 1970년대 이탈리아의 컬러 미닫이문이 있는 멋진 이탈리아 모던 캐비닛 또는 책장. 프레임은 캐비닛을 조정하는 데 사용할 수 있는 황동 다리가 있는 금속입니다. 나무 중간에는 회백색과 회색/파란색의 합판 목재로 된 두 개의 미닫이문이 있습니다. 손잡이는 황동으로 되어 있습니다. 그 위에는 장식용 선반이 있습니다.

* * *

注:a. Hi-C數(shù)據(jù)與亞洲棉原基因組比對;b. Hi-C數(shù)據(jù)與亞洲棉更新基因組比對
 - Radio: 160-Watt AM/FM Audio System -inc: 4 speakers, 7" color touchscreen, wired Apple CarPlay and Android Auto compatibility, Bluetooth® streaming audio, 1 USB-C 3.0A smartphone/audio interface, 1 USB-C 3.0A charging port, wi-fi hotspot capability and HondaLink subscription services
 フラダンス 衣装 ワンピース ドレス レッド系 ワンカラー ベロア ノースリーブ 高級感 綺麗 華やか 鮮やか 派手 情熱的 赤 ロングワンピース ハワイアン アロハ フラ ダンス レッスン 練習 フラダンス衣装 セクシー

§ **The task**: In the listing above, locate the line containing "注:a. Hi-C數(shù)據(jù)與亞洲棉原基因組比對;b. Hi-C數(shù)據(jù)與亞洲棉更新基因組比對" and the line containing "フラダンス 衣装 ワンピース". Extract those two lines and every line between them, exactly as written, and only those.

§ **Exercise response**:
注:a. Hi-C數(shù)據(jù)與亞洲棉原基因組比對;b. Hi-C數(shù)據(jù)與亞洲棉更新基因組比對
 - Radio: 160-Watt AM/FM Audio System -inc: 4 speakers, 7" color touchscreen, wired Apple CarPlay and Android Auto compatibility, Bluetooth® streaming audio, 1 USB-C 3.0A smartphone/audio interface, 1 USB-C 3.0A charging port, wi-fi hotspot capability and HondaLink subscription services
 フラダンス 衣装 ワンピース ドレス レッド系 ワンカラー ベロア ノースリーブ 高級感 綺麗 華やか 鮮やか 派手 情熱的 赤 ロングワンピース ハワイアン アロハ フラ ダンス レッスン 練習 フラダンス衣装 セクシー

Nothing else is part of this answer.